Aktien handeln lernen: Alle Tipps, Risiko, Gebühren & Kosten zum Aktienhandel für Anfänger finden Sie hier! Informieren Sie sich vor dem Trading online, um erfolgreich zu investieren!

Aktienhandel lernen

Online Broker beim Aktienhandel mit binären Optionen
Online Broker – Quelle: bigstock.at, ID: 54559502

Aktien sind die Stars an der Börse und wohl die Art von Wertpapier, an die der Bürger als erstes denkt, wenn es um Börse geht. Wenn man Aktien eines Unternehmens kauft, dann erwirbt man Anteile an jenem Unternehmen, das bedeutet, man ist Miteigentümer der Firma und zwar zu so viel Prozent, wie man Aktien gekauft hat im Verhältnis zu der Gesamtzahl, die existiert. Bei einem Kauf von 20 Aktien wären das, wenn insgesamt 150 000 Aktien dieses Unternehmens existieren, 0,013%.
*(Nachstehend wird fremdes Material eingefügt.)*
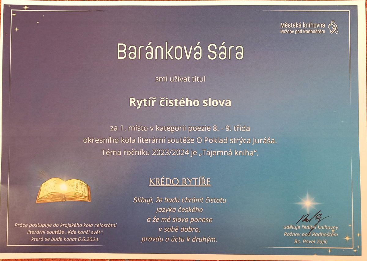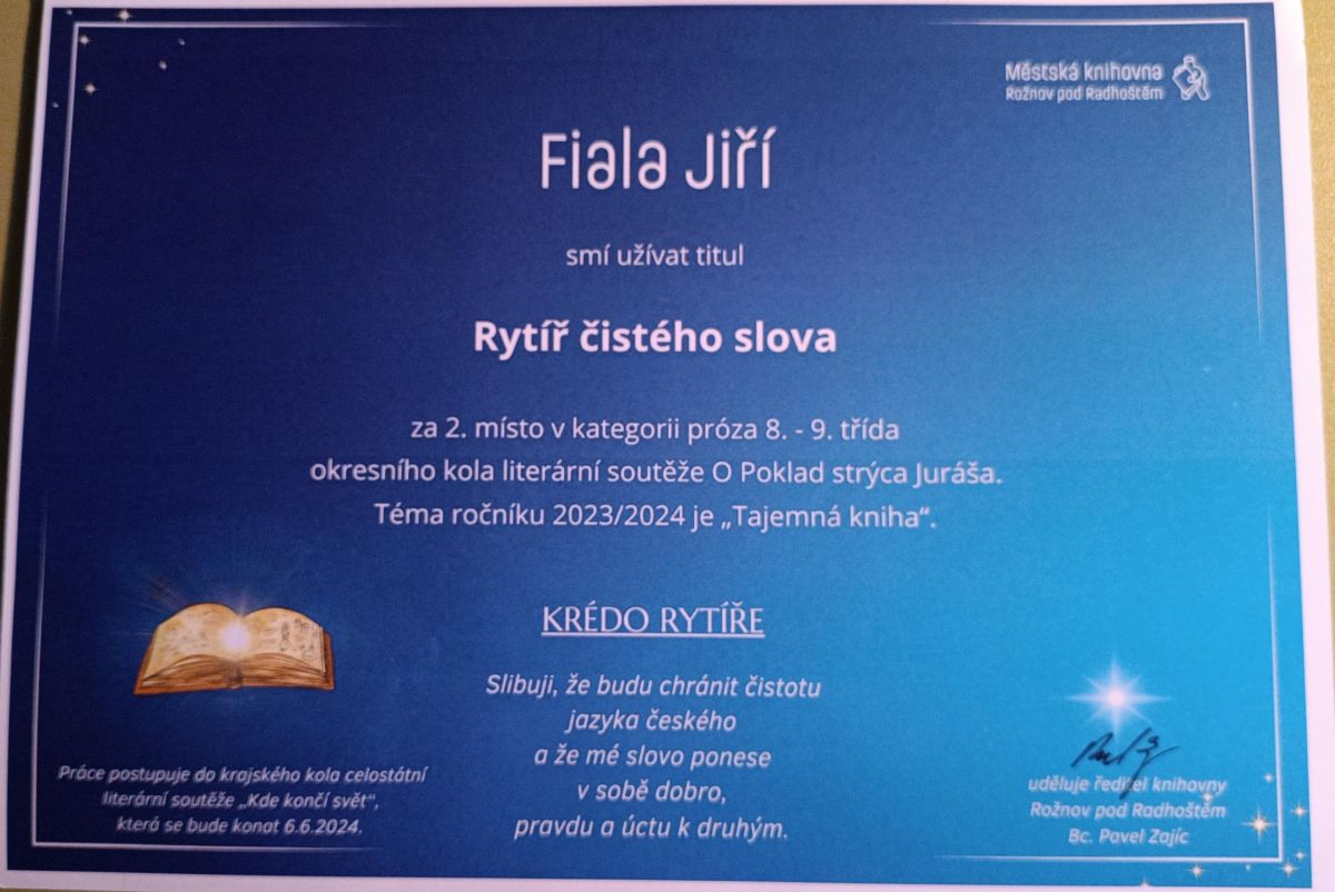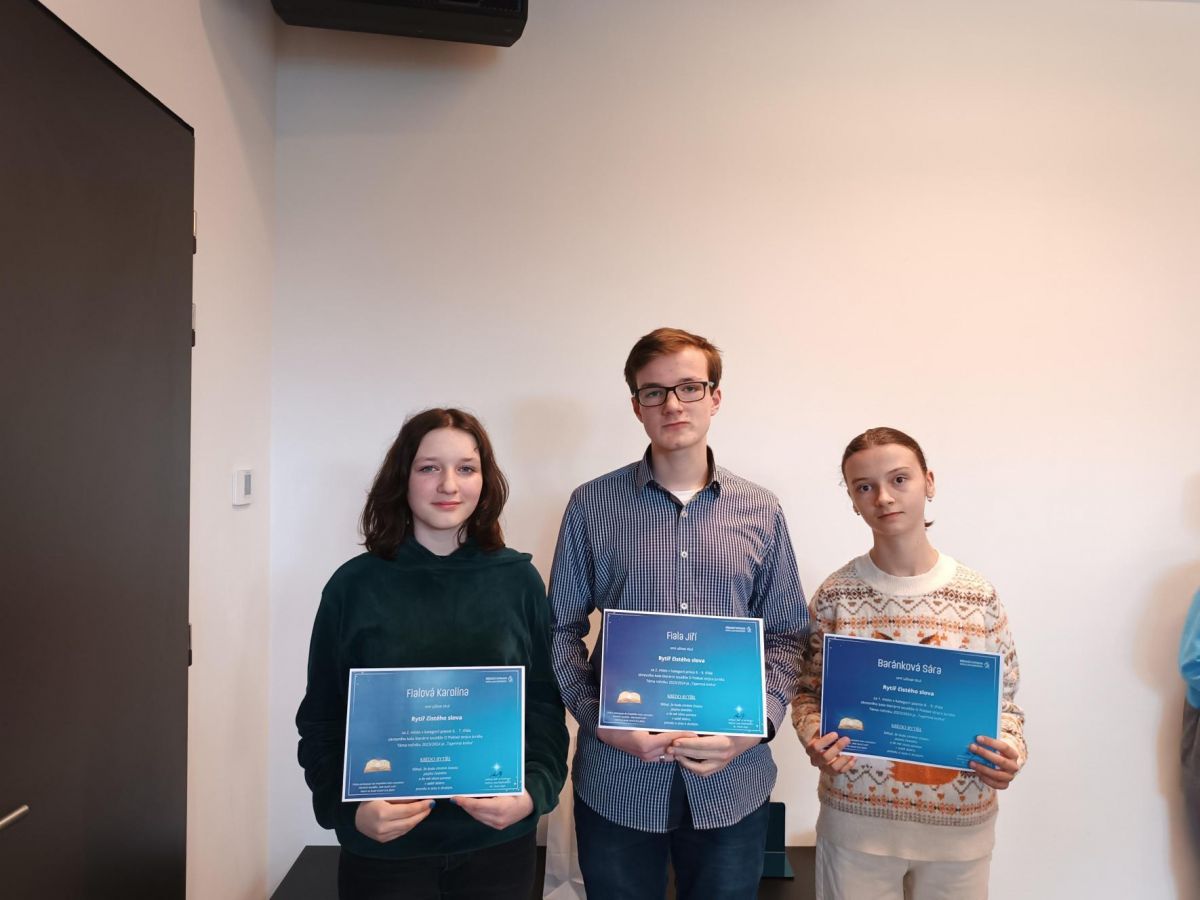 V kategorii próza 8. a 9. třída se na 2. místě umístil Jiří Fiala (9.A) a v kategorii poezie 8. a 9. třída rovněž na 1. místě Sára Baránková (8.A).

Daneben symbolisiert jede Aktie eine Stimme, welche man auf der jährlichen Hauptversammlung zur Geltung bringen kann bei diversen Abstimmungen. Erklärt sich das Unternehmen des Weiteren dazu bereit, einen Teil seiner Gewinne auszuschütten, so erhält man als Miteigentümer eine sogenannte Dividende.

Online-Broker und Trader im Vergleich

Die besten Online-Broker in Österreich sind CapTrader und die Hello bank. Entscheiden Sie sich für seriöse Anbieter und recherchieren Sie vorab nach Erfahrungsberichten und Bewertungen von Usern dieser Broker im Internet.
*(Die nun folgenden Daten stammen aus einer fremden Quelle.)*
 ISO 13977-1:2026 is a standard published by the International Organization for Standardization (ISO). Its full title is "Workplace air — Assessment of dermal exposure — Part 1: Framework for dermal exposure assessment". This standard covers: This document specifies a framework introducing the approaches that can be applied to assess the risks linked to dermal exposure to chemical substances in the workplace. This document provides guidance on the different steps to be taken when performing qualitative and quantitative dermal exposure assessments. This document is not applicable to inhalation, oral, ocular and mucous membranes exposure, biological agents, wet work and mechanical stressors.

Wie funktioniert der Handel mit Aktien?

Um Aktien zu kaufen bzw. zu verkaufen, ist die Börse notwendig. Die Börse ist sich vorzustellen wie ein sehr großer Markt, auf welchem unterschiedlichste Sachen gehandelt werden. Wie es bei einem Markt üblich ist, bestimmen Nachfrage und Angebot den Preis.
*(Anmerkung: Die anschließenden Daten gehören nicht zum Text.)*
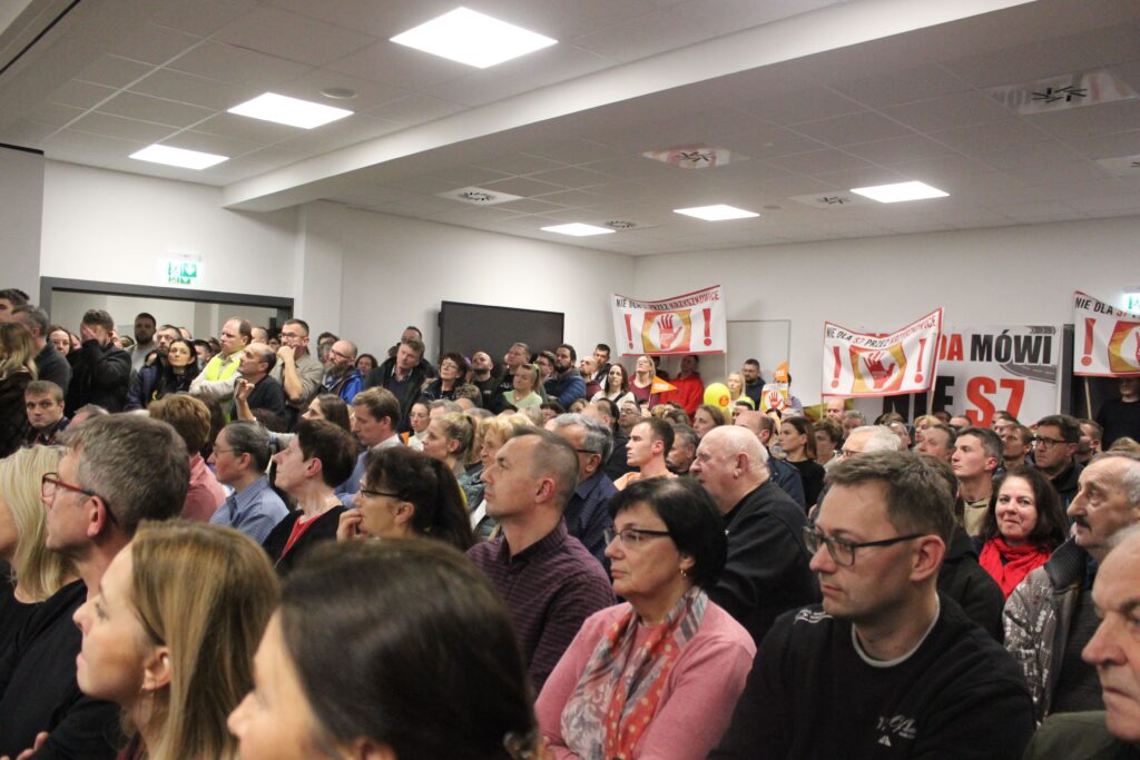 Pod koniec spotkania, po kolejnych niewyjaśnionych kwestiach i braku jednoznacznych odpowiedzi, cała sala wspólnie skandowała: „Nie dla S7!”.
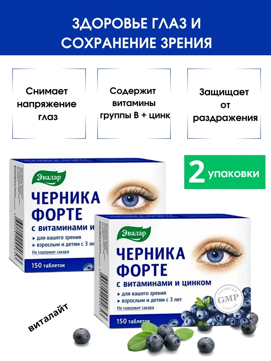 Эвалар Черника-форте с витаминами В и цинком,150 таб-2уп
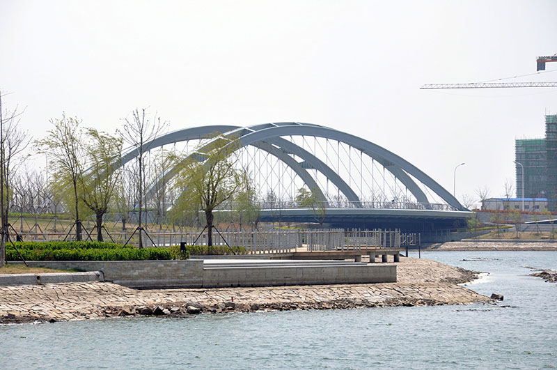 16.5+59+16.5=92 米,寬度 30 米;聚賢橋路北橋為斜腿剛構橋,橋跨組合為 21+28+21=70 米,寬度 30 米。
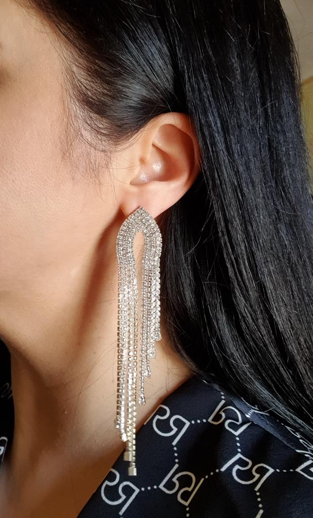 Kobiety rhinestone długie opływowe kolczyki z frędzlami kryształowe kolczyki kobieta dziewczyna biżuteria Pendante Femme
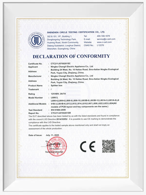 We possess state-of-the-art manufacturing and testing equipment, implement comprehensive quality management systems, and have built a professional service team to ensure high standards at every stage from production to after-sales service. The company has obtained multiple international certifications, including CCC, VDE, UL, PSE, ASTA, SAA, and KC, with products meeting various international safety standards and earning the trust of clients worldwide.

Möchte ich als Anleger eine Aktie kaufen, so muss ein Marktteilnehmer gefunden werden, der gleichzeitig dazu bereit ist, jene Aktie zu dem Preis zu verkaufen, zu dem ich höchstens bereit bin, zu kaufen. Findet sich so jemand, wird das Geschäft abgewickelt. Früher haben Börsenmakler die Aufgabe übernommen, aus all den Kauf- und Verkaufsaufträgen den Preis zu ermitteln, zu dem die meisten Geschäfte abgewickelt werden können. Heute übernehmen das Hochleistungscomputer.

Was ist beim Kaufen von Aktien zu beachten?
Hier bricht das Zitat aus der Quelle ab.